Introductory: this note describes how to get acceleration by 5-10 (and more times) when processing a large number of strings using the StringBuilder object instead of String.
Call the System.Text.StringBuilder constructor:
$SomeString = New-Object System.Text.StringBuilder
Reverse to String:
')
$Result = $Str.ToString()
While writing a script that handles many text files, a feature was found to work with strings in powershell, namely, the speed of parsing is significantly reduced if you try to process strings with the help of a standard string object.
Initial data - a file clogged with lines by type:
key;888;0xA9498353,888_FilialName
In the raw version of the script, intermediate text files were used to control the processing, the loss of time for processing a file of 1000 lines was 24 seconds, and as the file size increases, the delay quickly increases. Example:
function test { $Path = 'C:\Powershell\test\test.txt' $PSGF = Get-Content $Path # $PSGFFileName = $Path + '-compare.txt' Remove-Item -Path $PSGFFileName -ErrorAction SilentlyContinue | Out-Null New-Item $PSGFFileName -Type File -ErrorAction SilentlyContinue | Out-Null # ToDo # , . # Add-Content, foreach ($Key in $PSGF) { $Val = $Key.ToString().Split(';') $test = $val[2] $Val = $test.ToString().Split(',') $test = $Val[0] Add-Content $PSGFFileName -Value $Test } $Result = Get-Content $PSGFFileName Remove-Item -Path $PSGFFileName -ErrorAction SilentlyContinue | Out-Null ### # end ################################ return $Result }
The result of the run:
99 lines - 1.8 seconds
1000 lines - 24.4 seconds
2000 lines - 66.17 seconds
Optimization №1
It is clear that this is no good.
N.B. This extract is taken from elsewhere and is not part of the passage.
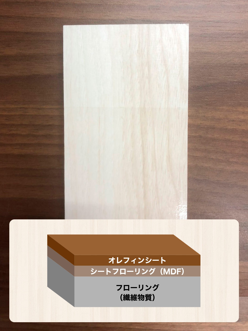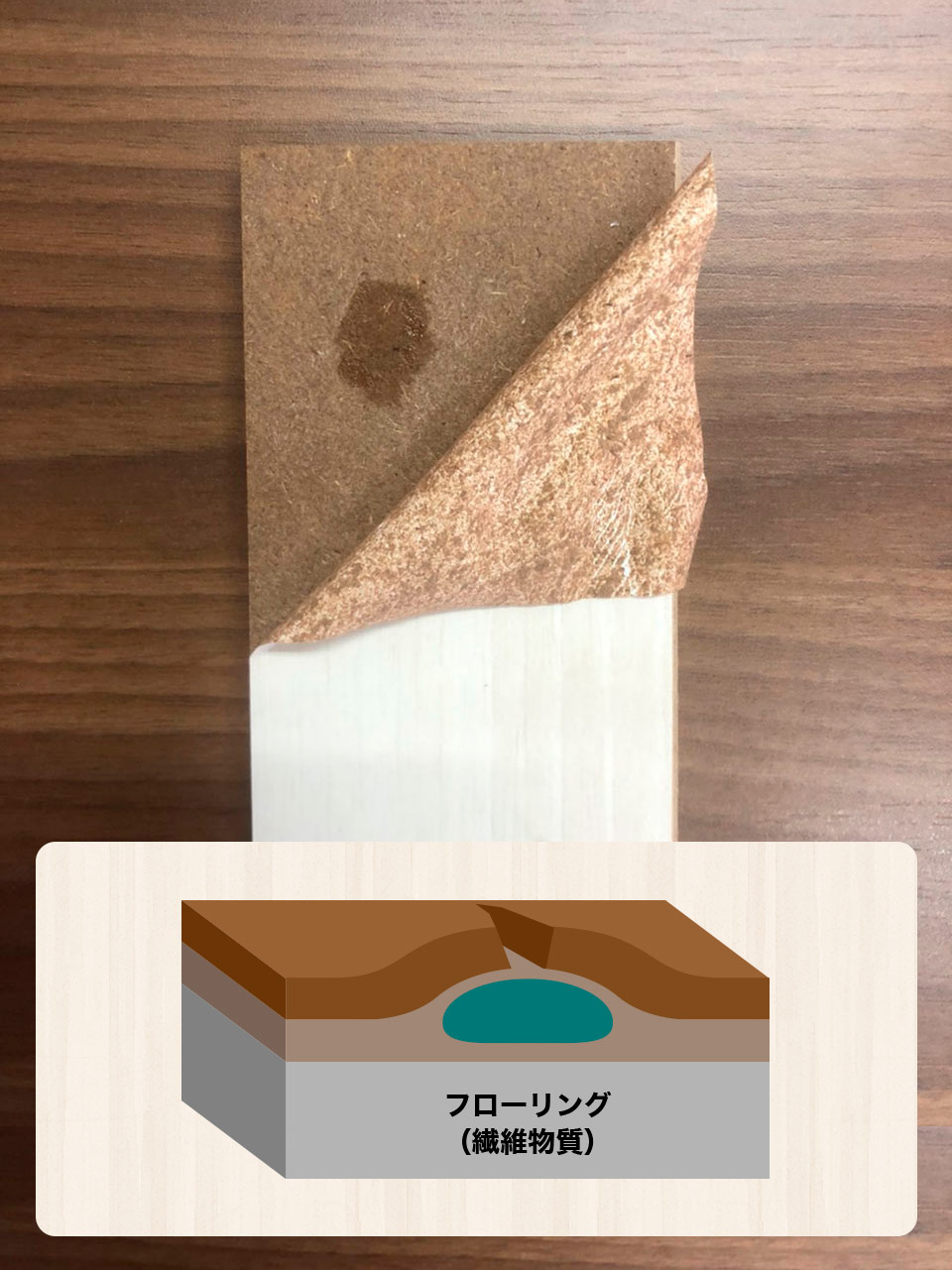 近年ではマンションのフローリングで主流となっております「シートフローリング」は表面のつなぎ目部分や生活していく中で表面にキズやひび割れになったりするとそこに水などが入り込み内部の繊維材質が水分を吸いこんで膨張するという事例があります。家具家電が増えたり移動することは生活する上で必ずありますよね?

Replace upload to file with operations in memory:
function test { $Path = 'C:\Powershell\test\test.txt' $PSGF = Get-Content $Path $Result = '' # foreach ($Key in $PSGF) { $Val = $Key.ToString().Split(';') $test = $val[2] $Val = $test.ToString().Split(',') $test = $Val[0] $Result = $Result + "$test`r`n" } return $Result } Measure-Command { test }
The result of the run:
99 lines - 0.0037 seconds
1000 lines - 0.055 seconds
2000 lines - 0.190 seconds
It seems to be all right, the acceleration is obtained, but let's see what happens if there are more rows in the object:
10,000 lines - 1.92 seconds
20,000 lines - 8.07 seconds
40,000 lines - 26.01 seconds
This processing method is suitable for lists of no more than 5-8 thousand lines, then losses begin on the object constructor, the memory manager constantly allocates new memory when adding a line and copies the object.
Optimization # 2
Let's try to do better, use the "programmer" approach:
function test { $Path = 'C:\Powershell\test\test.txt' $PSGF = Get-Content $Path # $Str = New-Object System.Text.StringBuilder foreach ($Key in $PSGF) { $Val = $Key.ToString().Split(';') $temp = $val[2].ToString().Split(',') $Val = $temp $temp = $Str.Append( "$Val`r`n" ) } $Result = $Str.ToString() } Measure-Command { test }
The result of the run: 40,000 lines - 1.8 seconds.
Further improvements such as replacing foreach with for, ejecting the internal $ test variable did not give a significant increase in speed.
Briefly:
For efficient work with a large number of strings, use the System.Text.StringBuilder object. Constructor call:
$SomeString = New-Object System.Text.StringBuilder
Conversion to string:
$Result = $Str.ToString()
Explanation of the work of StringBuilder (the whole secret is in more efficient work of the memory manager).